Purification of cachectin, a lipoprotein lipase-suppressing hormone secreted by endotoxin-induced RAW 264.7 cells.

TLDR: The purification of cachectin to apparent homogeneity and characterization of its receptor should facilitate further investigations into the role of Cachectin and other macrophage mediators in the metabolic derangements that occur during infection and cachexia.
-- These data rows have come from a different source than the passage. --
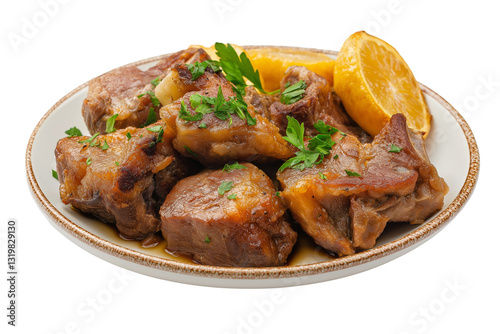 meat, food, cookery, dinner, lunch, hearty, protein, savoury, delicious, plate, cooking, lemon, herb, parsley, garnish, grilled, roasted, comfort food, flavorful, meat dish, culinary arts, gastronomy
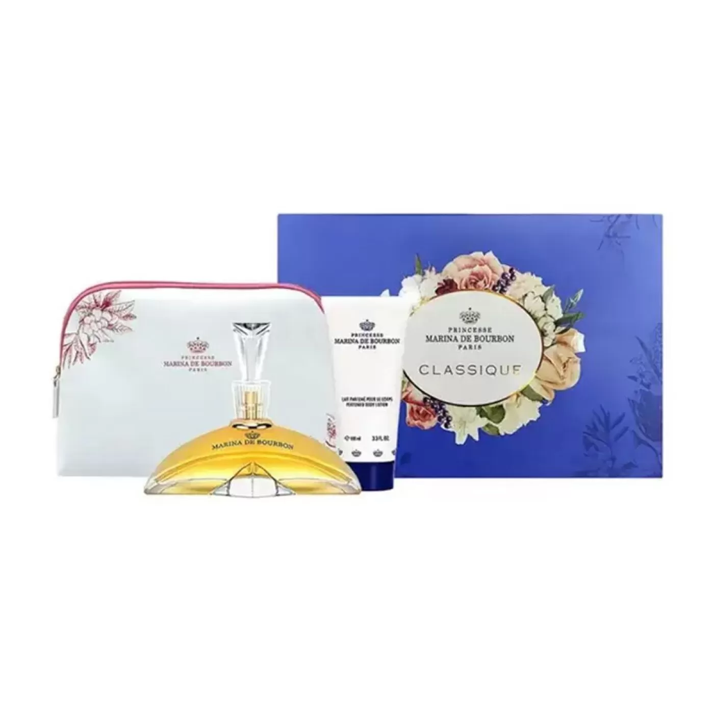 Kit de perfume e loção corporal com notas profundas e requintadas. Marina de Bourbon Classique é uma fragrância da família olfativa floral frutada para mulheres.
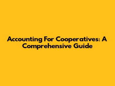 Accounting For Cooperatives: A Comprehensive Guide
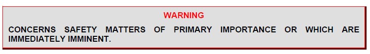 Concerns safety matters of secondary importance or which are not immediately imminent. ![]() CONCERNS SAFETY MATTERS OF PRIMARY IMPORTANCE OR WHICH ARE IMMEDIATELY IMMINENT. 在灣流手冊(cè)中,是這樣定義的:Warnings, Cautions and Notes: Used throughout this manual, these adjuncts highlight and emphasize certain points, and are not to be confused with Engine Instruments and Crew Alerting System (EICAS) messages. Shown below, each is explained in the style it will appear in this manual: ![]() CALLS ATTENTION TO THE USE OF MATERIALS, PROCESSES, METHODS, PROCEDURES OR LIMITS WHICH MUST BE PRECISELY FOLLOWED TO AVOID PERSONAL INJURY OR LOSS OF LIFE. |
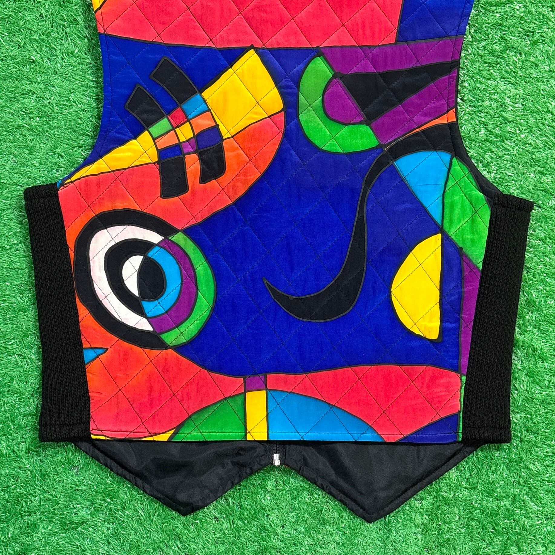 【Lady's】 90s ヒッピー イラスト キルティング ベスト / 古着 総柄 レディース 762
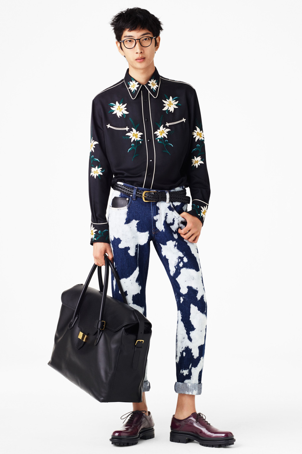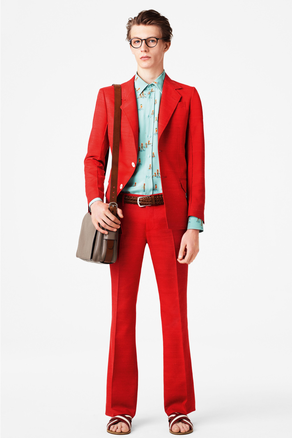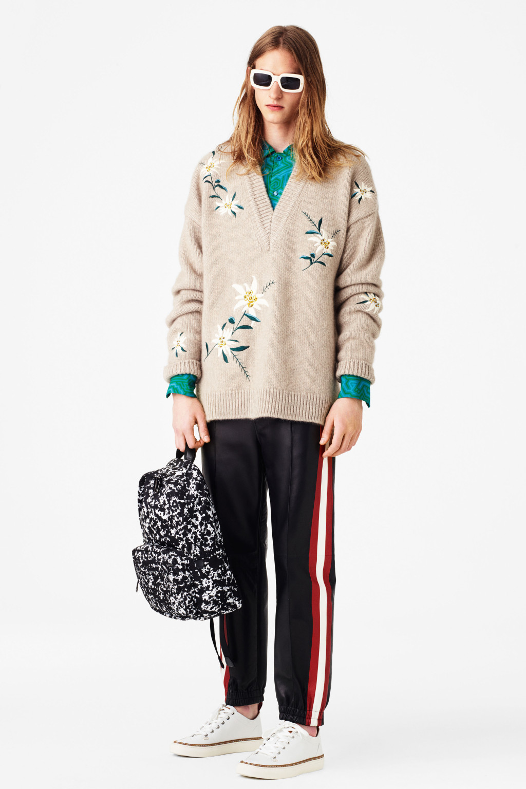 Among the more subdued looks was a fire-engine red linen and silk suit with wide-leg trousers, a lineup of nubby cotton turtlenecks with thick, faded stripes in orange or red, and an 8-ply cashmere v-neck embroidered with edelweiss, a nod to the company’s Swiss pedigree. The flower also also appeared on white leather sneakers, and as one of many patterns for a cool line of lightweight backpacks for spring.
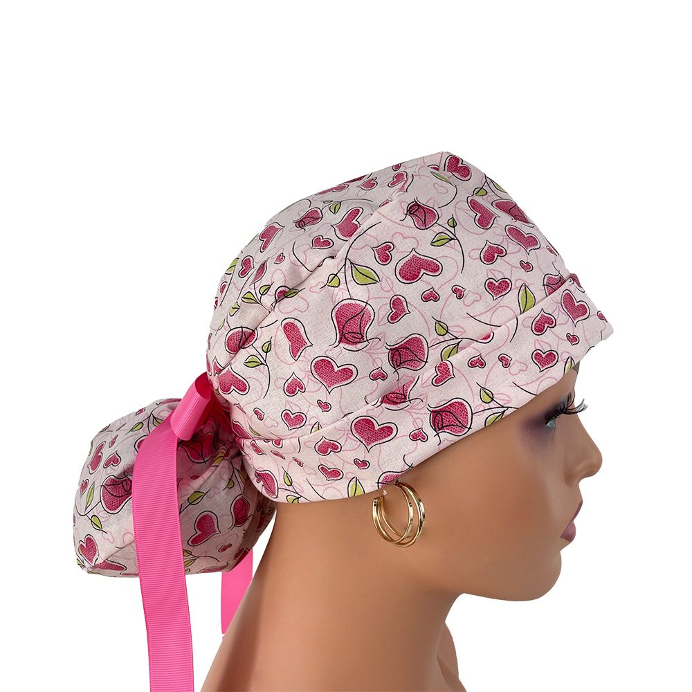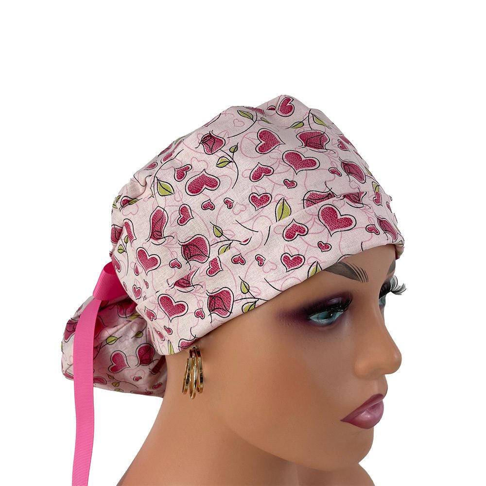 Turn Up Ponytail Medical Scrub Cap – Hearts N Roses Pink Valentine’s Day

Abstract: Previous studies have indicated that endotoxin and other bacterial and protozoal products can stimulate macrophages to produce a factor that can suppress the activity of the enzyme lipoprotein lipase (LPL), in vivo and in vitro. In the present report we describe the purification of this factor, cachectin, to apparent homogeneity from the conditioned medium of endotoxin-stimulated RAW 264.7 cells. The isolated protein has an isoelectric point of 4.7 and a subunit molecular weight of 17,000. Although cachectin's isoelectric point and molecular weight are similar to those described for interleukin 1, pure cachectin has no leukocyte-activating factor (LAF) activity. Cachectin at a concentration of 10(-11) M has the ability to suppress the LPL activity of the 3T3-L1 adipocyte cell line by 80%. Binding studies using radio-labeled cachectin and 3T3-L1 adipocytes and C2 myotubules revealed approximately 10(4) high-affinity receptors per cell on both cell types (Ka, 3 X 10(9]. Cachectin receptors were also present on liver membranes but were absent on erythrocytes and lymphocytes. The isolation of cachectin and characterization of its receptor should facilitate further investigations into the role of cachectin and other macrophage mediators in the metabolic derangements that occur during infection and cachexia.